Komitas had also begun to study medieval Armenian church music. This had been transcribed in a neume-like system of musical notation which was no longer understood, and Komitas sensed that the music from isolated Armenian villages could act as the key to their understanding. In his published articles, he stated that his concern was to filter out the influences of other Middle Eastern music and to return to what he felt was authentically Armenian.
In 1910 Komitas moved to Constantinople, the capital of the Ottoman Empire, and during a 1912 trip to Paris, he made his first foray into recording onto wax cylinders.
In 1915 Ottoman Turkey entered WWI and, for the Ottoman Armenians, everything changed. Genocide reduced the Armenian population in the Anatolian heartland to almost zero. Komitas was among its first victims. A century on, Armenia is one sixth of the size that it once was, and the majority of Armenians live elsewhere in the world. For most, all that remains of their homeland are the songs.

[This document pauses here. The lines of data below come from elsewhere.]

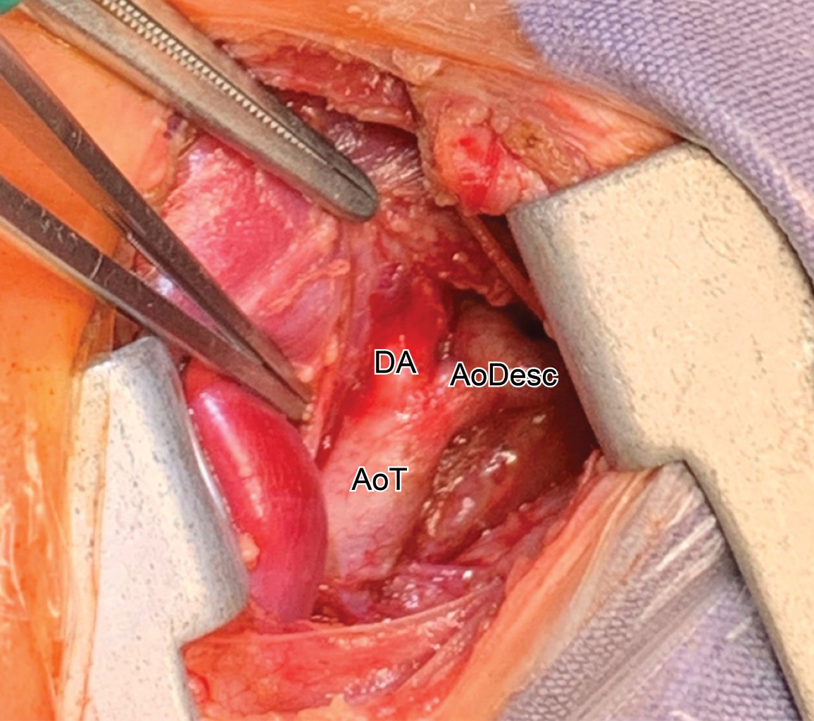Se decidió llevar a corrección quirúrgica urgente con las consideraciones de riesgo por edad y peso. Mediante abordaje por toracotomía lateral izquierda se realizó coartectomía ampliada, sección y sutura del ductus arterioso sin complicaciones (Figura 3).
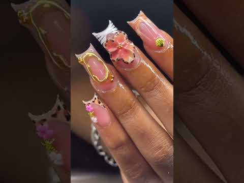 Acrylic nails with a French design and flower 🌺 #nailgelart #nails #simplenails
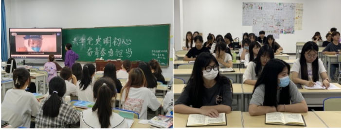 团课上,各班团支书首先开展了“党史知识知多少”互动问答,引入本次团课主题,向同学们介绍学习党史的意义。随后,各班团支书通过播放PPT带领同学们回顾了中国共产党百年奋斗历程,加强同学们对党的认识,感受中国共产党敢为人先的创新精神,增强同学们的爱国主义精神。同时,通过了解革命先驱的相关事例,帮助同学们树立正确的人生观和价值观。最后,各班同学积极踊跃发言,分享自己所了解的红色故事。团课结束后,同学们纷纷表示日后会更加严格要求自己,树立远大理想,肩负起党和国家的重任重担。
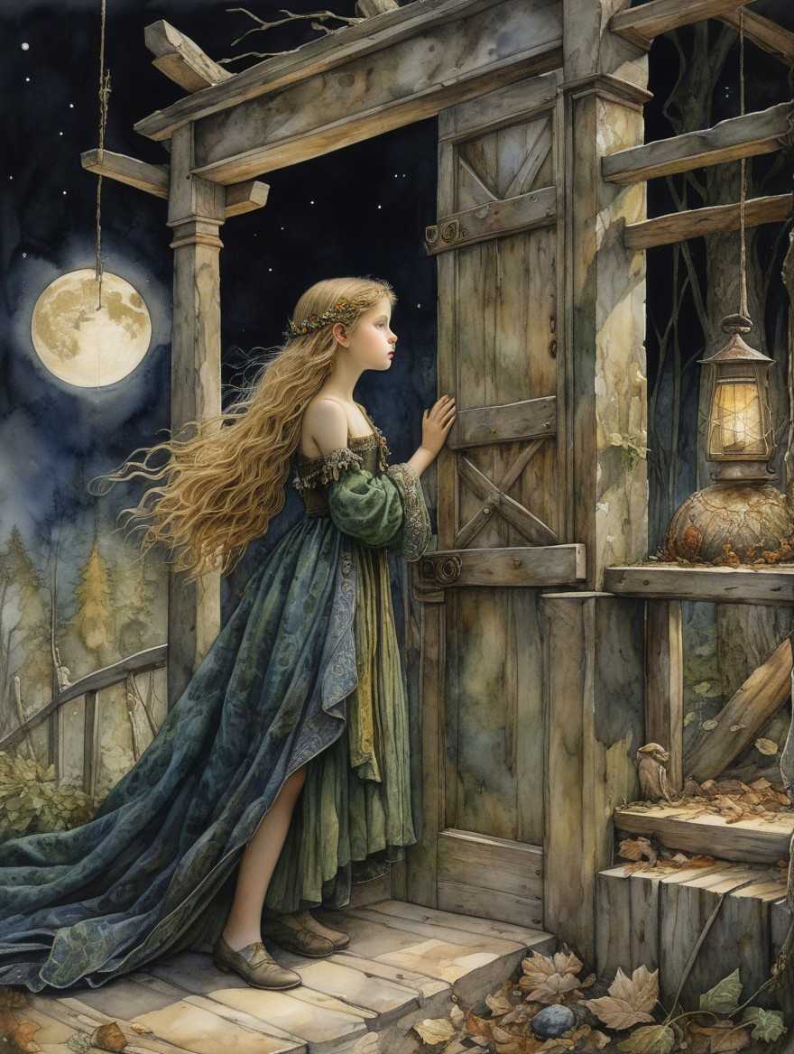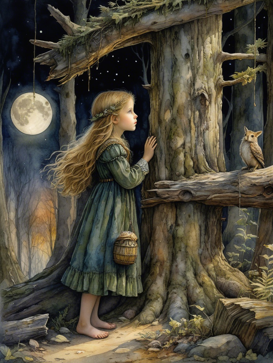 A serene girl with angelic wings stands by an ancient tree in a moonlit forest, clutching a basket. A curious fox watches nearby, creating a magical, whimsical scene.
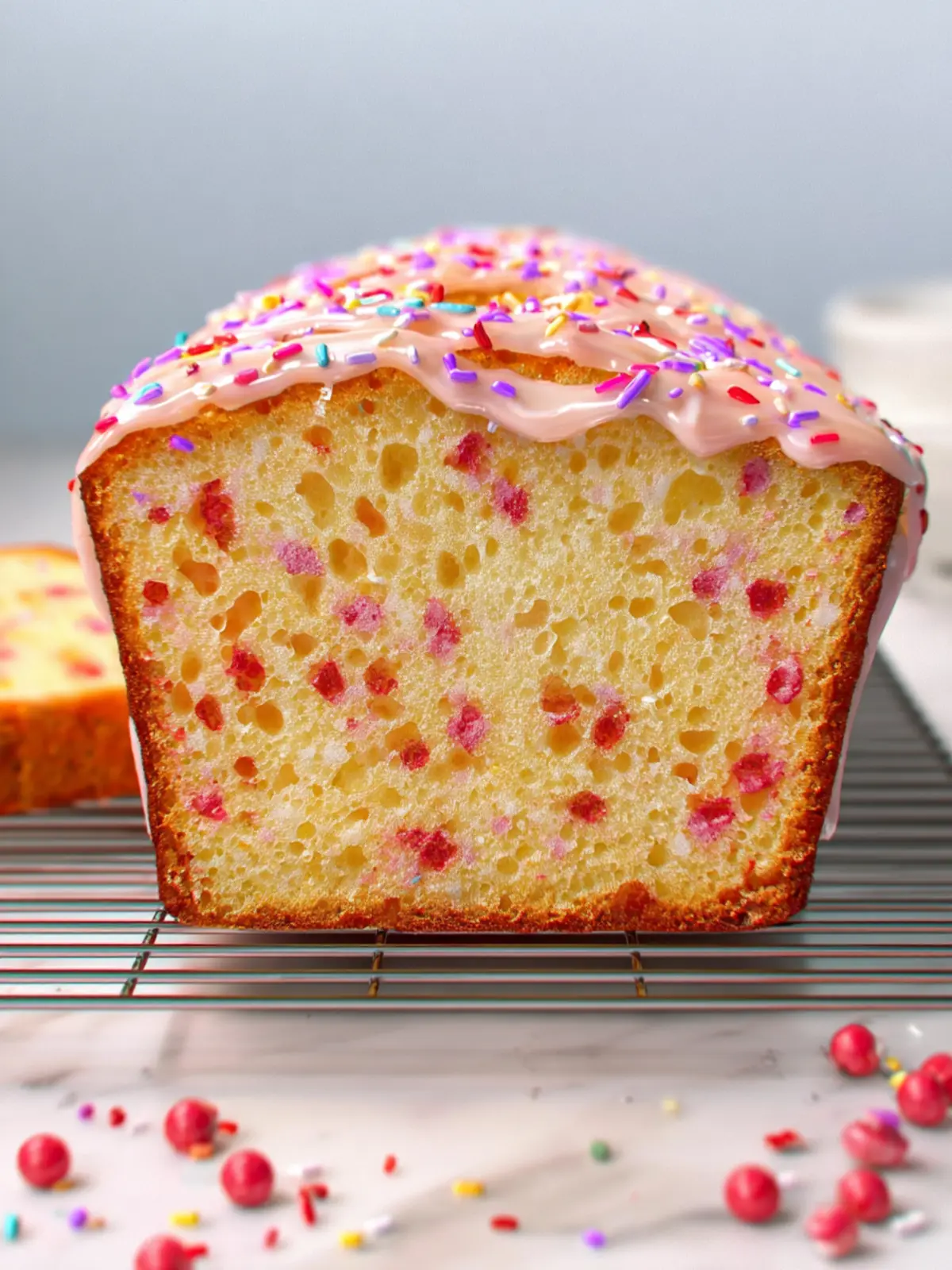A delicious and colorful funfetti loaf cake perfect for celebrations!
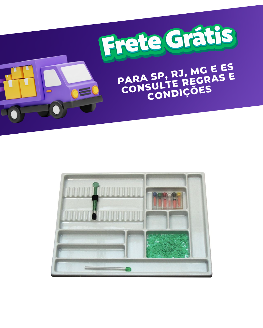 Bandeja odontológica 30211 - Magnum, gaveta odontológica para instrumentos manuais, medicamentos e demais itens, feita em plástico de alta resistência, medindo 40x30cm, disponível na cor branca. Prática e fácil de limpar. Possui 16 divisões para instrumentos e 10 divisões retangulares para medicamentos ou outros produtos de uso odontologico. Com dupla laminação, o que aumenta a resistência a materiais corrosivos.
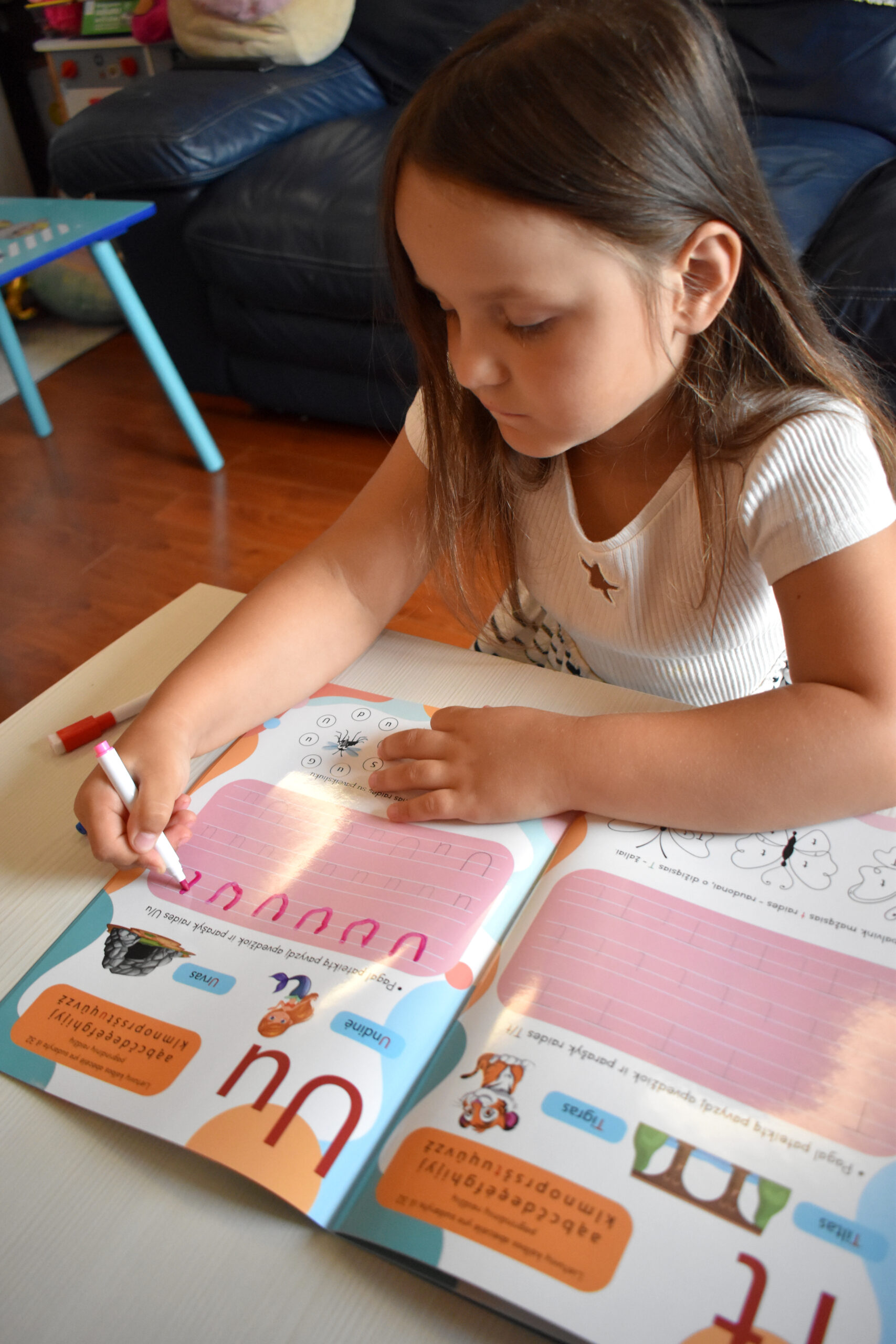 • Daugiau nei 100 skirtingų užduočių – rašymo pratimai, raidžių jungimas, dėmesio, mąstymo bei smulkiosios motorikos lavinimas.

‘When I talk about Armenian culture, folk culture, that's Komitas,’ says Hasmik Harutyunyan, a singer, educator, and folklorist.
‘Anything you do, anything you play, it's connected to Komitas' work ... this folk culture is very important to us as a nation, as a people. We think the folk culture is the road for us to go back.’
Since the genocide, Komitas' reputation and importance to Armenia has only grown. His work has also been the means to move forward from the tragedy of the genocide.
‘For me, it was very important for the whole Armenian world that Komitas was able to establish a new way of musical thinking,’ says Professor Mher Navoyan
‘When we talk about his music, first, his artistic value is the most important … Armenian people, they accept it as folk music, and on the other side, it is the highest level of the Armenian school of composition.’